Work required — Set down the data below word for word, and leave the images aside.

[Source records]
Content starts

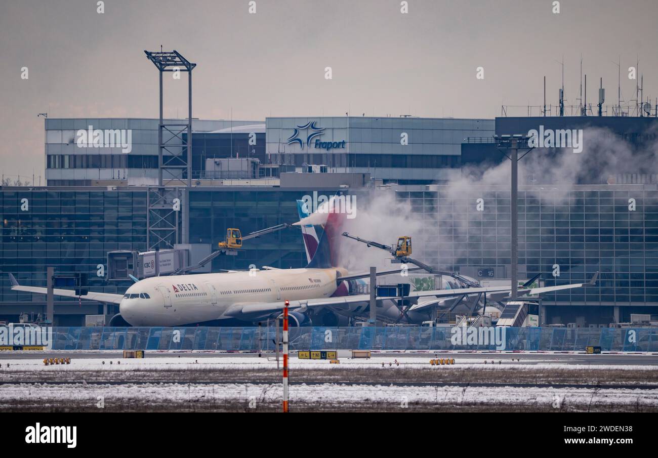 Winter at Frankfurt Main Airport, FRA, Delta aircraft being deiced at the terminal, Hesse
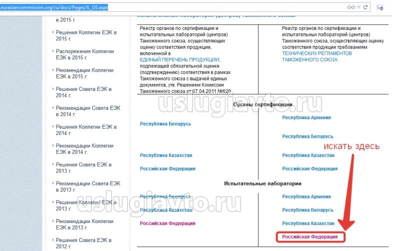 Руководство по поиску испытательной лаборатории на портале ЕЭК
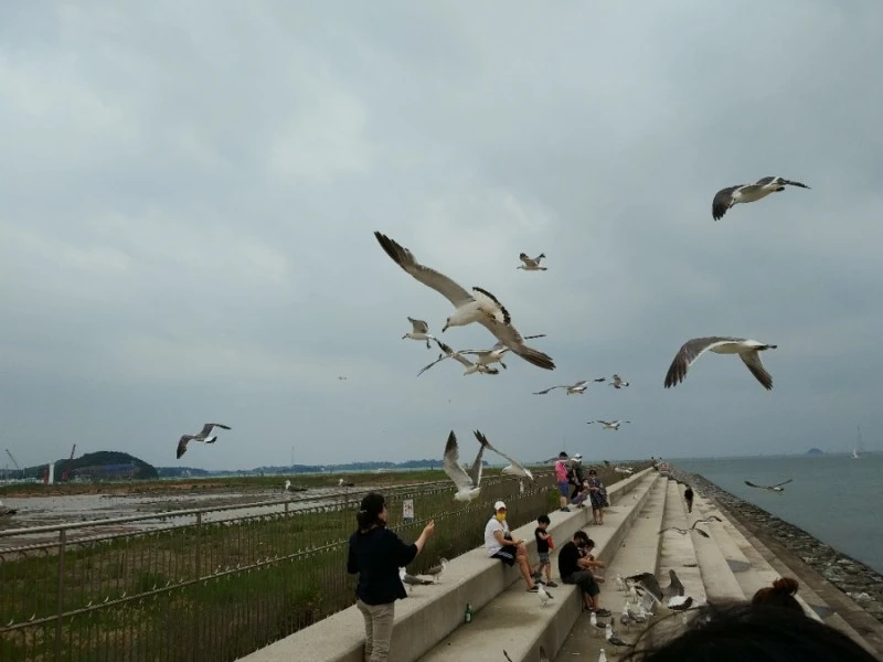 갈매기는 과자를 던져주는 사람 주변을 빙빙 돌고 있습니다. 그 옆을 최대한 피해 지나가던 저는, 배설물이 머리로 떨어질까 봐 불안해졌습니다.
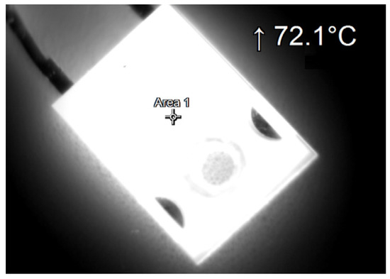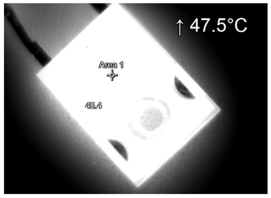On the basis of the conducted works, it was found that the smallest differences between the die temperature and the case temperature occur at point 5 for the model shown in Figure 18, and this is a spot on the mold body surface above the die. In the remaining points, the differences are greater, with the largest ones in point 4 of this model. The proposed method makes it possible to automate the determination of the area on the case surface of a semiconductor element where the temperature recorded by thermography is the highest. This method can be particularly useful when assessing the temperature of semiconductors based on thermographic measurements of moving elements. In this case, the time to determine the area with the highest temperature is the shortest, and the precision of this determination the highest.
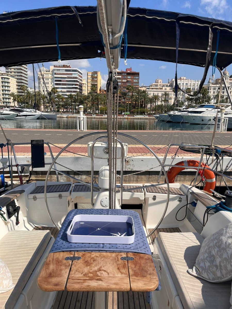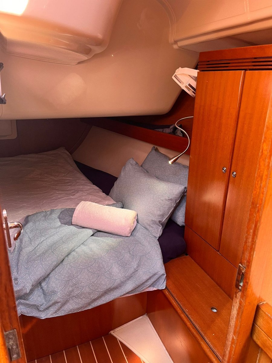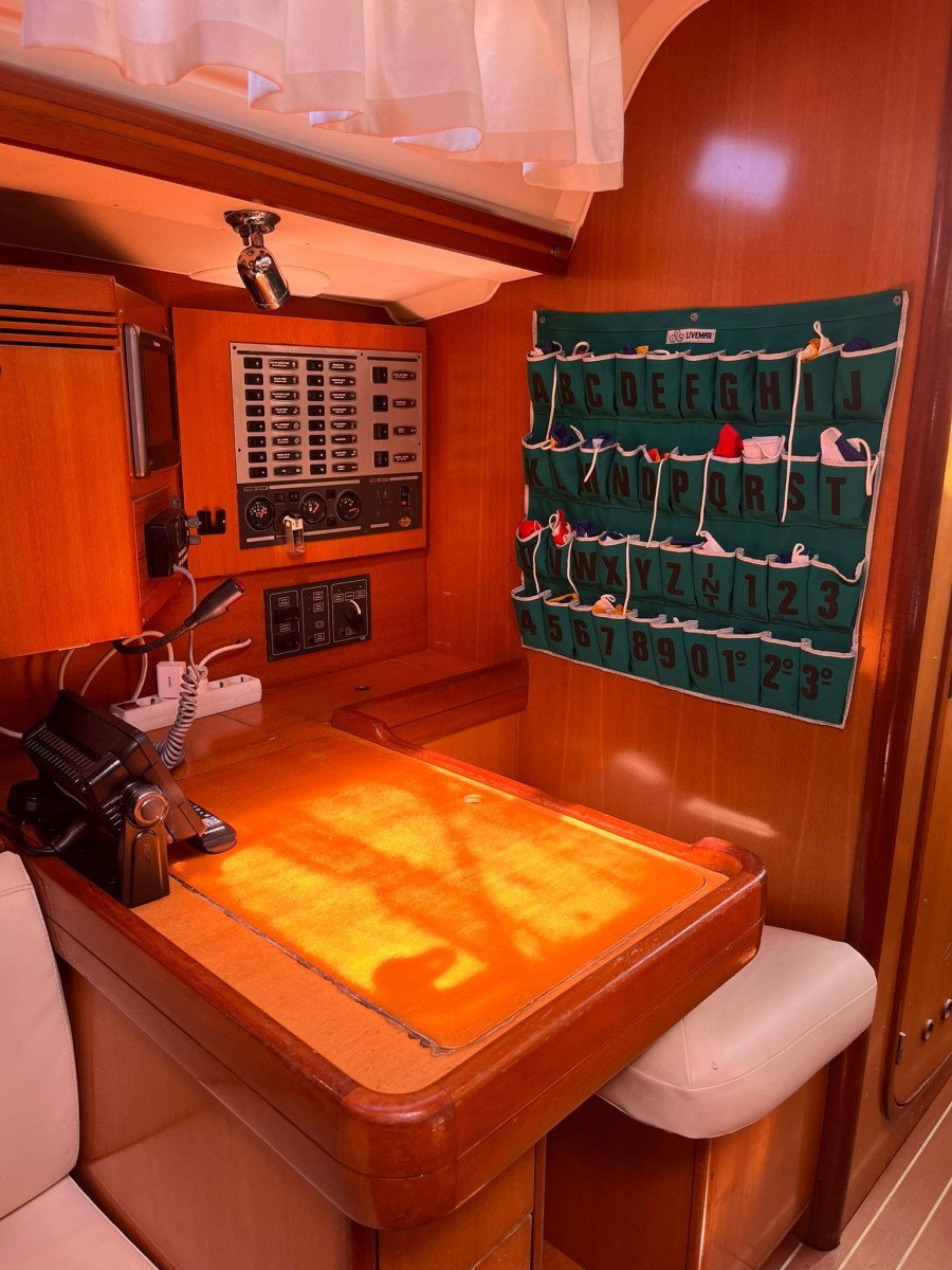 Un crucero-regata cómodo y rápido con 3 camarotes y 2 aseos, mesa en bañera y bimini con extensiones, radio-CD con altavoces, . Dispone de génova enrollable, mayor con sables con lazy bag. Quilla larga de plomo, instalación de 12v y 220v con toma a tierra, cubierta de teka, ...
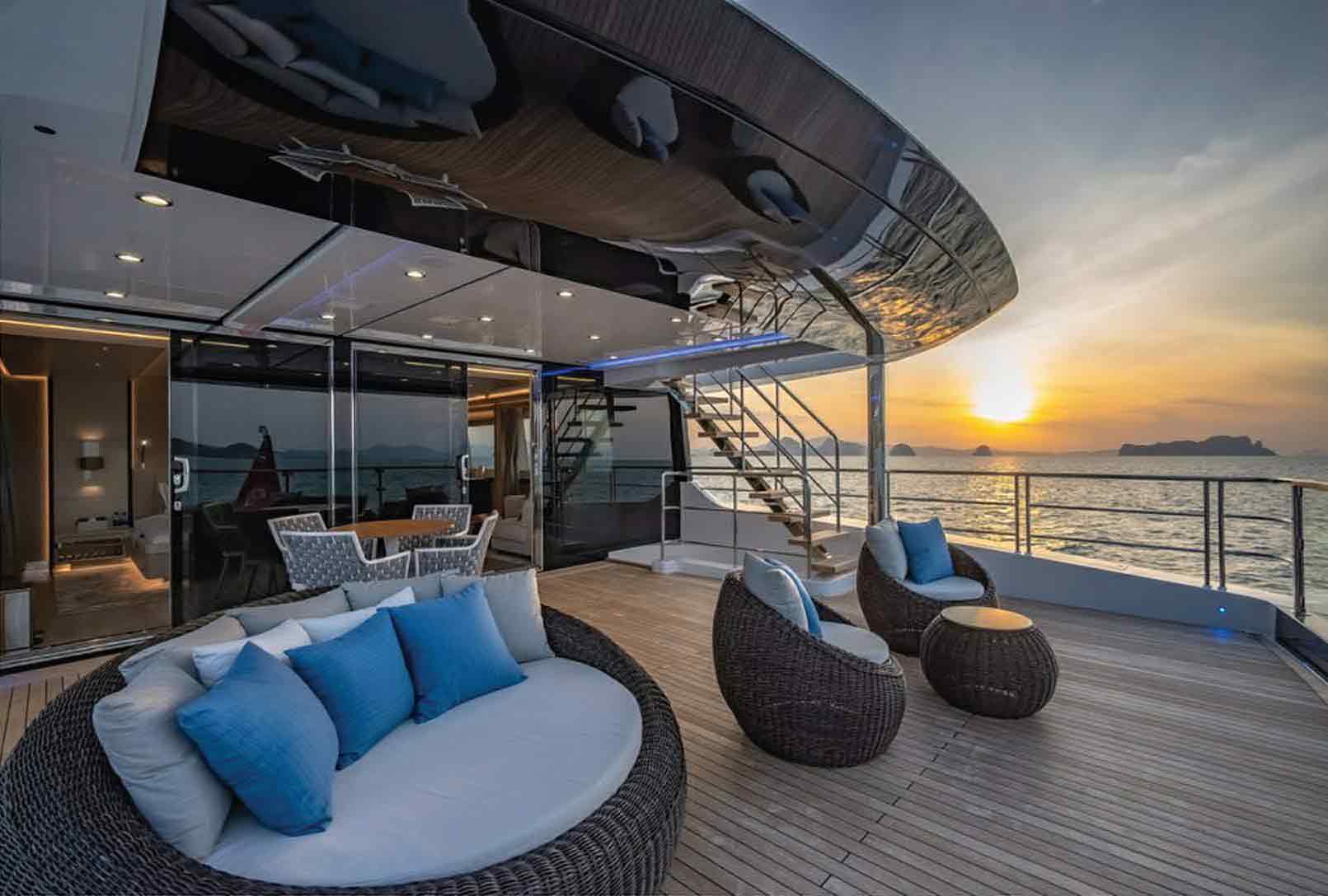Whether you’re unwinding in the sunken Jacuzzi with a bespoke cocktail or sharing stories beneath the stars at the sundeck bar, SONG OF SONGS offers the perfect setting for every mood and moment. Her experienced crew, deeply familiar with the region’s culture and cruising grounds, ensures a seamless and enriching journey from the very first day. Based in Asia and available year-round, SONG OF SONGS primarily cruises between Phuket and Singapore.
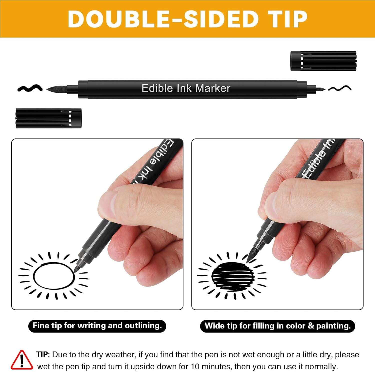 - 【 Upgrade Dual Tips】This edible pen is double-pointed with wide and upgrade thin tip:Upgrade thin tip(0.5mm ) works for detail work,wide tip works well for infills or larger areas that are to be colored. Ink increases by 30%.More Creation,More Fun!(Note:Remember to cover the caps after use)
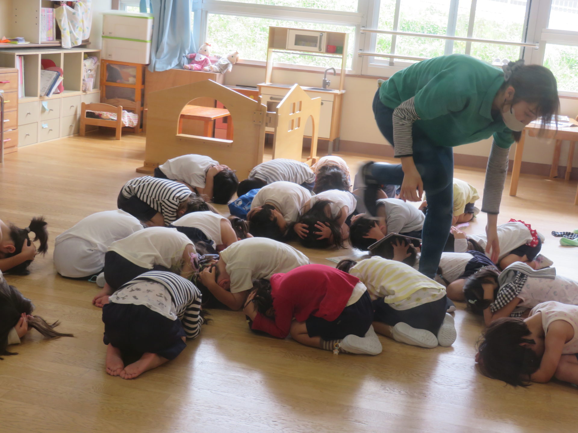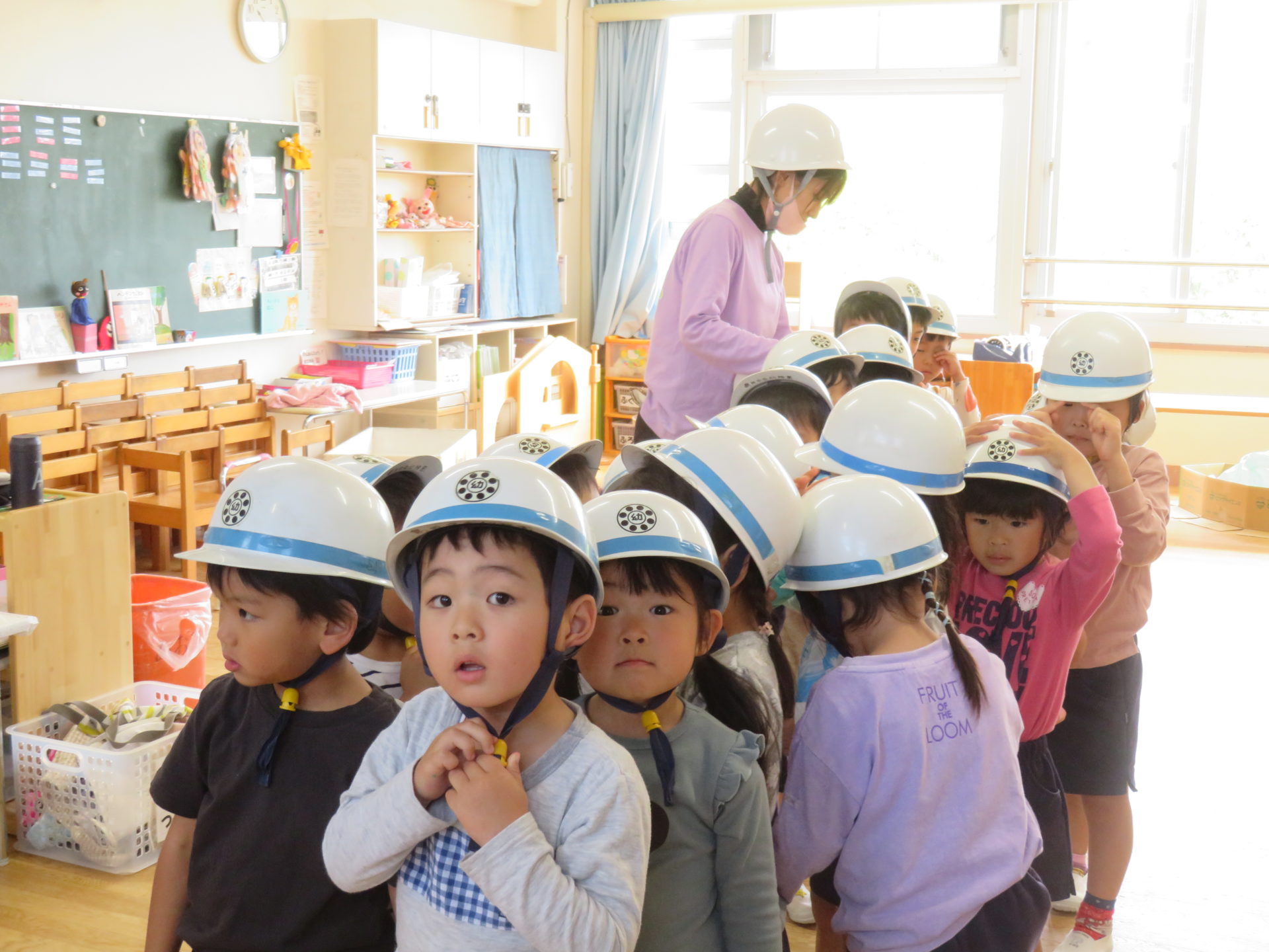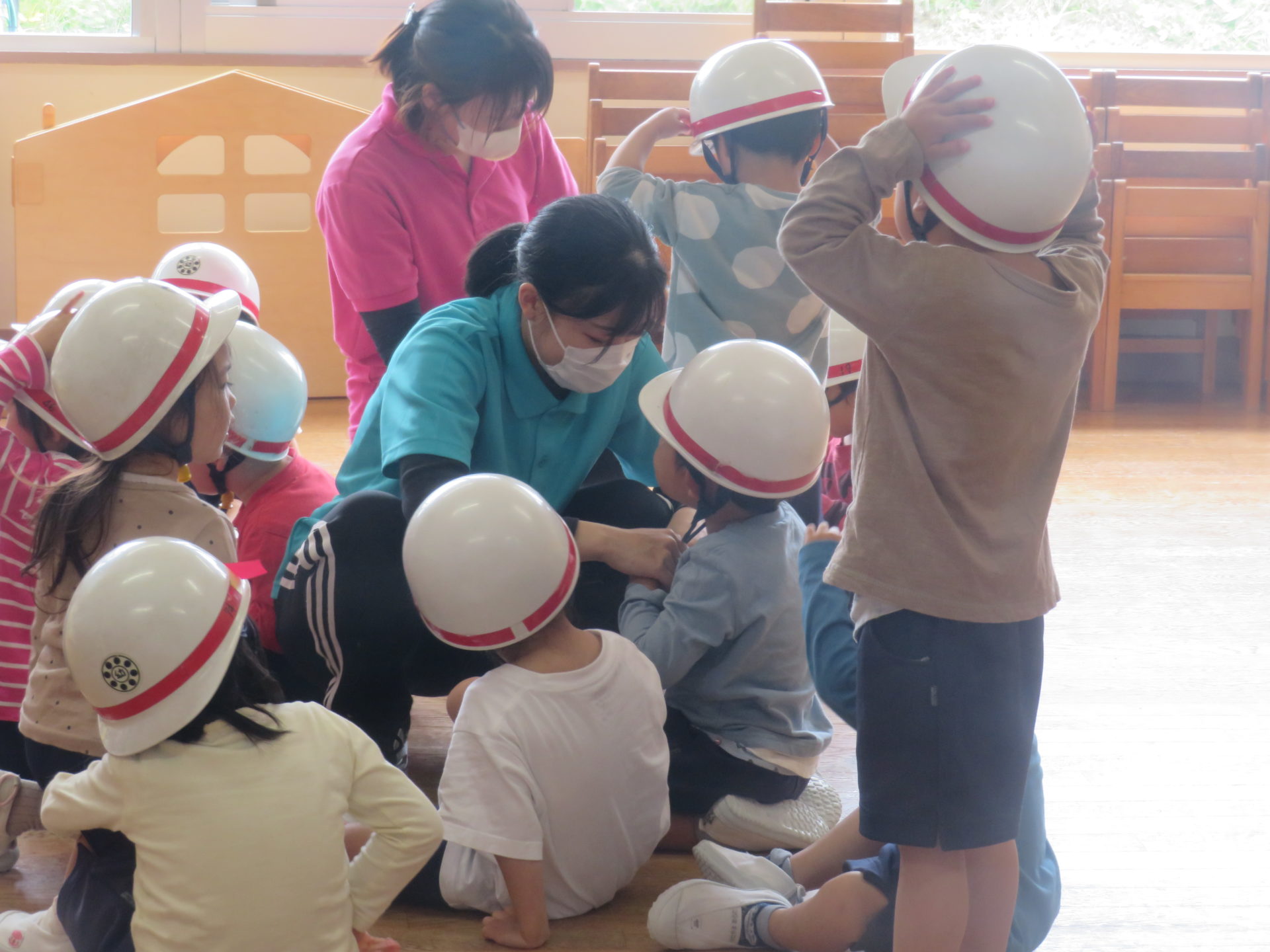 5月15日に保育室での活動中に地震が発生したと想定した訓練を行いました。今回のねらいは、①訓練の合図を知る②一次避難の仕方を知る(ヘルメットの着用の仕方を覚える)でした。告知を受け、机の下に隠れる事やダンゴムシのように丸まり、身を守る動作を学びました。また、『お・は・し』(おさない・はしらない・しゃべらない)についても先生から話を聞き、地震の時の大切なことを確認した一日となりました。

Content ends

Solution —
 Winter at Frankfurt Main Airport, FRA, Delta aircraft being deiced at the terminal, Hesse
 Руководство по поиску испытательной лаборатории на портале ЕЭК
 갈매기는 과자를 던져주는 사람 주변을 빙빙 돌고 있습니다. 그 옆을 최대한 피해 지나가던 저는, 배설물이 머리로 떨어질까 봐 불안해졌습니다.
On the basis of the conducted works, it was found that the smallest differences between the die temperature and the case temperature occur at point 5 for the model shown in Figure 18, and this is a spot on the mold body surface above the die. In the remaining points, the differences are greater, with the largest ones in point 4 of this model. The proposed method makes it possible to automate the determination of the area on the case surface of a semiconductor element where the temperature recorded by thermography is the highest. This method can be particularly useful when assessing the temperature of semiconductors based on thermographic measurements of moving elements. In this case, the time to determine the area with the highest temperature is the shortest, and the precision of this determination the highest.
 Un crucero-regata cómodo y rápido con 3 camarotes y 2 aseos, mesa en bañera y bimini con extensiones, radio-CD con altavoces, . Dispone de génova enrollable, mayor con sables con lazy bag. Quilla larga de plomo, instalación de 12v y 220v con toma a tierra, cubierta de teka, ...
Whether you’re unwinding in the sunken Jacuzzi with a bespoke cocktail or sharing stories beneath the stars at the sundeck bar, SONG OF SONGS offers the perfect setting for every mood and moment. Her experienced crew, deeply familiar with the region’s culture and cruising grounds, ensures a seamless and enriching journey from the very first day. Based in Asia and available year-round, SONG OF SONGS primarily cruises between Phuket and Singapore.
 - 【 Upgrade Dual Tips】This edible pen is double-pointed with wide and upgrade thin tip:Upgrade thin tip(0.5mm ) works for detail work,wide tip works well for infills or larger areas that are to be colored. Ink increases by 30%.More Creation,More Fun!(Note:Remember to cover the caps after use)
 5月15日に保育室での活動中に地震が発生したと想定した訓練を行いました。今回のねらいは、①訓練の合図を知る②一次避難の仕方を知る(ヘルメットの着用の仕方を覚える)でした。告知を受け、机の下に隠れる事やダンゴムシのように丸まり、身を守る動作を学びました。また、『お・は・し』(おさない・はしらない・しゃべらない)についても先生から話を聞き、地震の時の大切なことを確認した一日となりました。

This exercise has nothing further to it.